= Moewardi =

National Hero of Indonesia

Modern drawing of Moewardi

Moewardi (Perfected Spelling: Muwardi; 1907–1948) is a National Hero of Indonesia from Central Java.

==Biography==
Moewardi was born in Pati, Central Java, in 1907. After studying at STOVIA (a school for native doctors) in Batavia (now Jakarta), he began studying as a specialist in throat, nose, and ear infections. He also chaired the city's branch of Jong Java. He practised medicine extensively during the Japanese occupation (1942–45).

After the Japanese defeat in the Pacific, Indonesian politicians began preparing to proclaim the country's independence from Dutch colonial control. Moewardi, by this time living in Surakarta, established the Barisan Pelopor. This group which organised security at Ikada Square (now Merdeka Square) in Jakarta, to help secure the proclamation. Moewardi was one of the speakers at the event. Afterwards, Moewardi tasked his men with organising security for new president Sukarno and vice-president Mohammad Hatta, as well as other government figures. Moewardi was offered the position of Minister of Defence but refused it; the position went, in absentia, to Supriyadi.

During the Indonesian National Revolution there was extensive military contact between Dutch and Indonesian forces. By early 1946 the capital was under Dutch control, and the nascent government abandoned Jakarta for Yogyakarta. Moewardi moved Barisan Pelopor to Surakarta and renamed it Barisan Banteng; the group was eventually merged into the Indonesian Army. Moewardi would accompany them in battles, helping the injured.
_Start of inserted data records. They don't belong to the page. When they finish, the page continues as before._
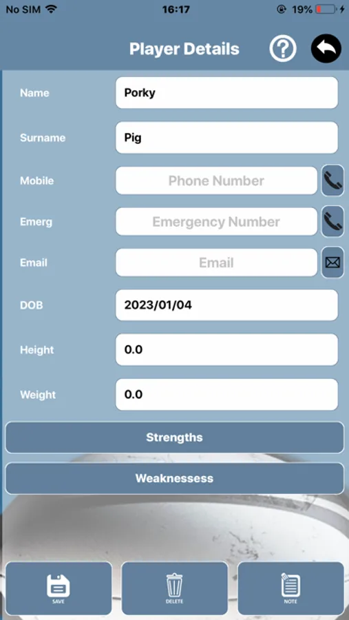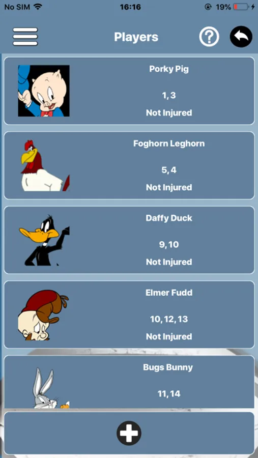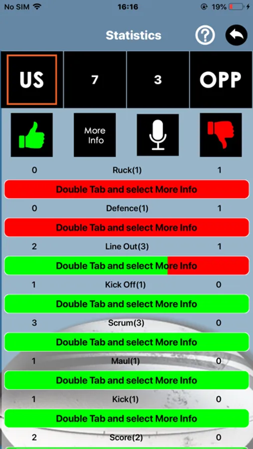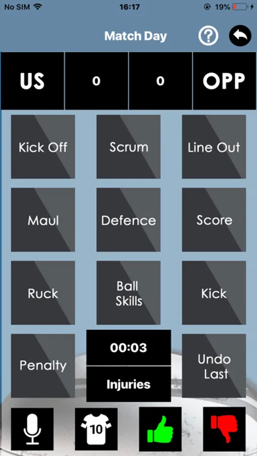 The Half Time Rugby app allows the coach to keep track of players and injuries.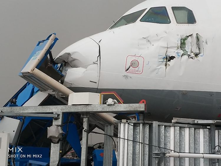 Bilder aus Antalya: Umherfliegende Trümmer beschädigten diesen Verkehrsjet.
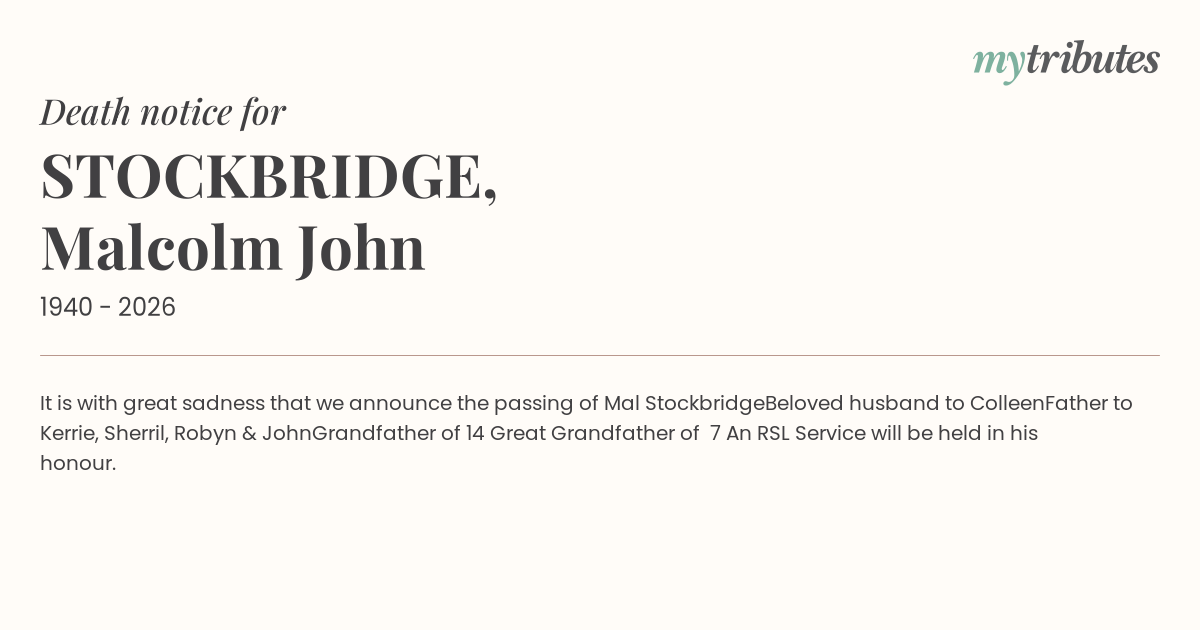 It is with great sadness that we announce the passing of Mal Stockbridge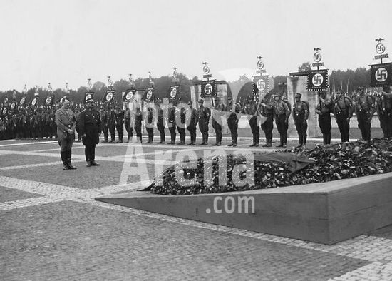 akg1039064 5. Reichsparteitag der NSDAP ("Parteitag des Sieges") in Nürnberg, 1. bis 3. September 1933.-Abschlußveranstaltung mit Aufmarsch von SA und SS im Luitpold-Hain, 3.September: Adolf Hitler (links) und Ernst Röhm während der Ehrung der "Gefallenen der Bewegung".-Foto.
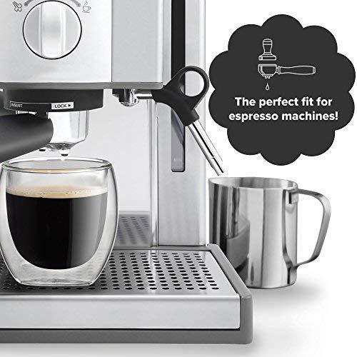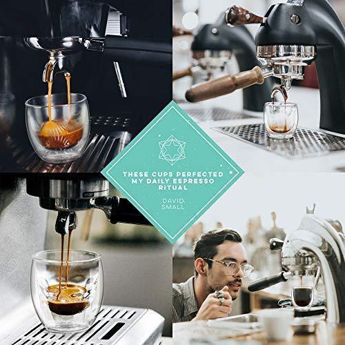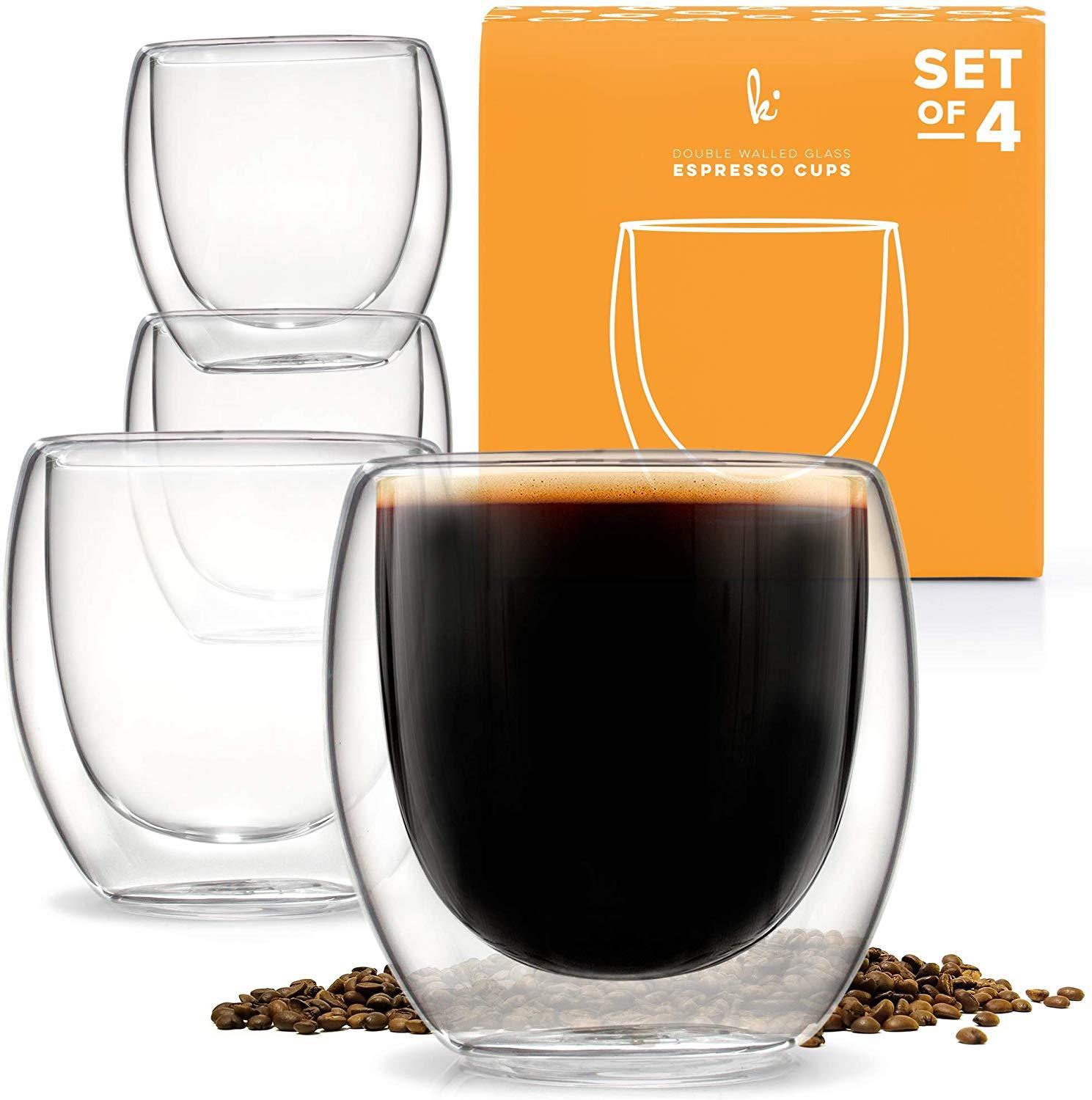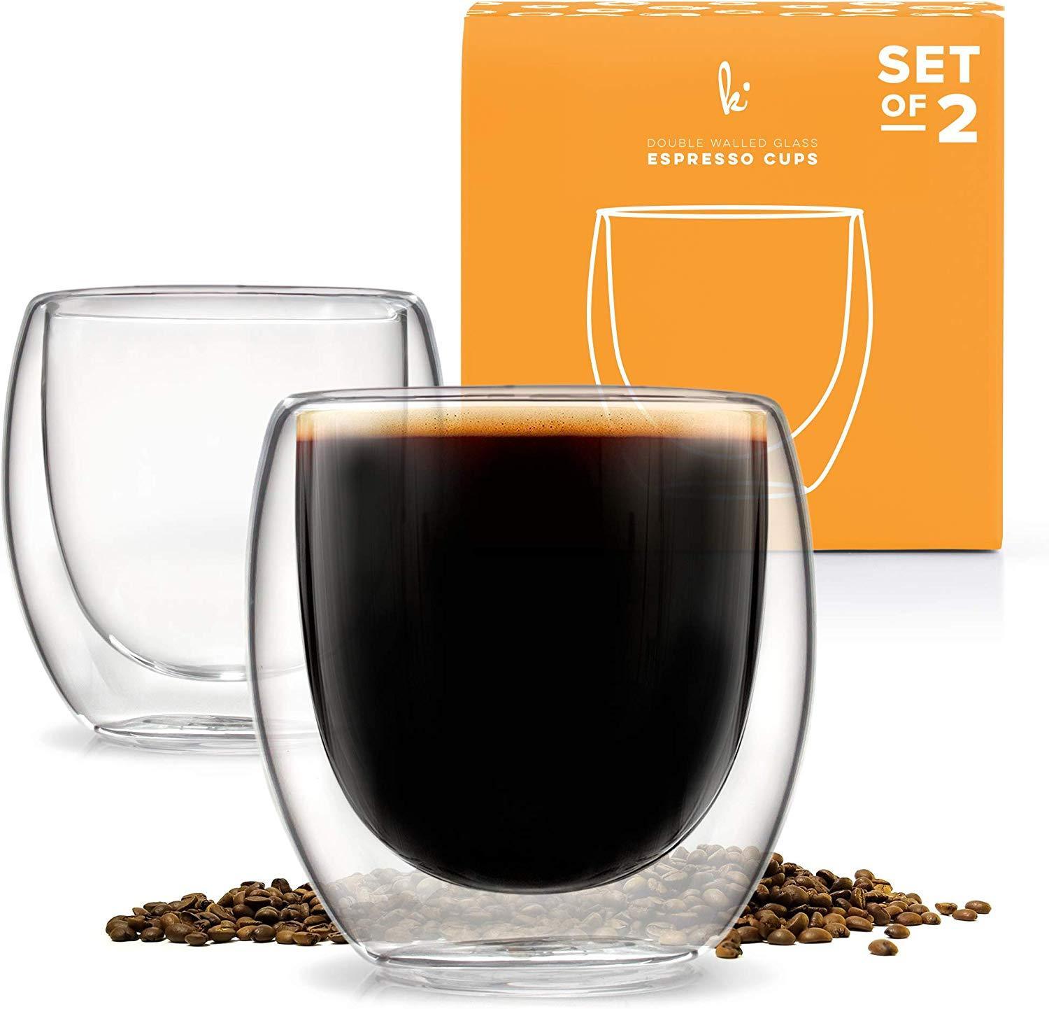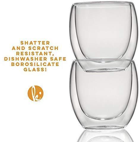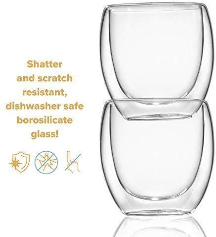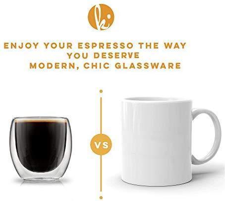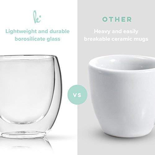 NEVER BURN YOUR FINGERS AGAIN. Our special double wall thermo insulated design prevents side heat transfer, maintaining the ideal temperature EASY TO CLEAN, BUILT TO LAST. Constructed from the highest quality borosilicate glass - dishwasher, microwave and freezer safe FOR ALL OCCASIONS. Multi-use cups to serve the perfect espresso, spirits, lungo, latte, cappuccino, tea or dessert FITS UNDER MOST ESPRESSO MACHINES. Small enough to fit under the portafilter yet large enough to hold a double shot of coffee - 2.7 oz capacity to the rim TRUSTED BY COFFEE LOVERS WORLDWIDE. Buying from Kitchables gets you a lifetime 100% manufacturer's warranty, no kidding. If you're not satisfied, you get your money back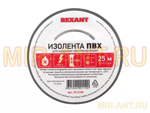 Изолента 15мм х 25метров серая REXANT - MIR-ANT.RU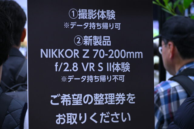 - NIKKOR Z 70-200mm f/2.8 VR S II: 発表されたばかりの最新「大三元」望遠ズーム。約998gというクラス最軽量の驚異的な軽さを実現し、旧型から大幅なシェイプアップを果たしました。三脚座のアルカスイス互換対応など実用面も細かくブラッシュアップされており、初日から体験整理券の配布がストップするほどの大混雑となっています。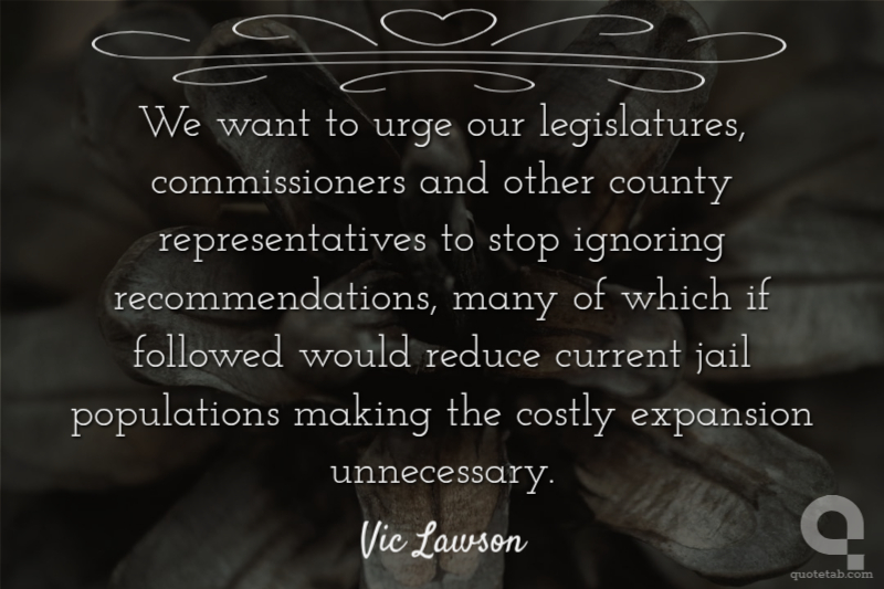 We want to urge our legislatures, commissioners and other county representatives to stop ignoring recommendations, many of which if followed would reduce current jail populations making the costly expansion unnecessary.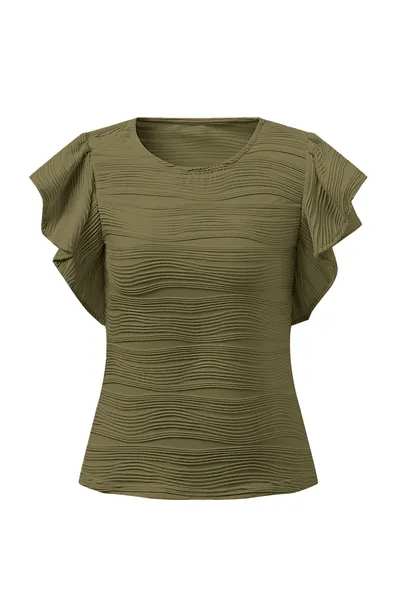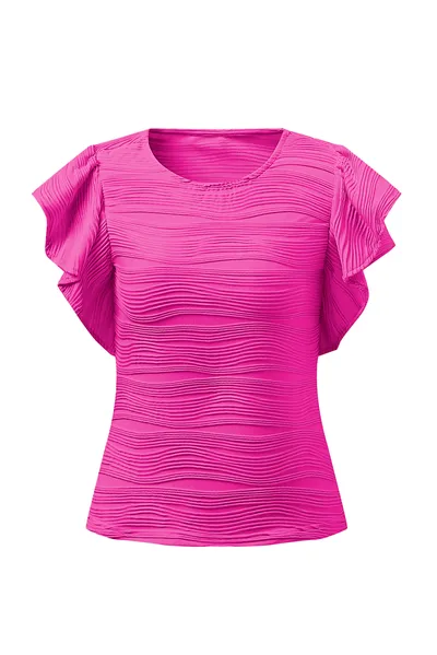 Textured Round Neck Cap Sleeve Top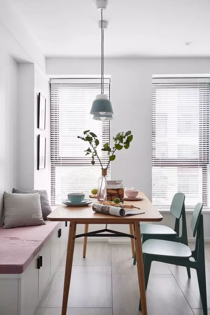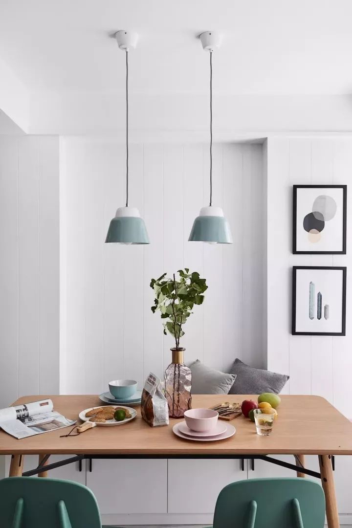 兩盞單頭吊燈正對的餐桌,讓就餐顯得更加有情調(diào)。

Afterwards, Moewardi established a hospital and medical school in Surakarta. In 1948 he, together with a faction of other groups opposed to the Renville Agreement, established the Gerakan Revolusi Rakyat (People's Revolution Movement).

On 13 September 1948, while en route to his practice, Moewardi was kidnapped by the Communist Party of Indonesia and later murdered. He had previously attempted to organise a team to confront the communists following the Madiun Affair, and the city itself had little semblance of government.

Moewardi was deemed a National Hero of Indonesia on 9 August 1964. A hospital in Surakarta and street in Jakarta are both named after him.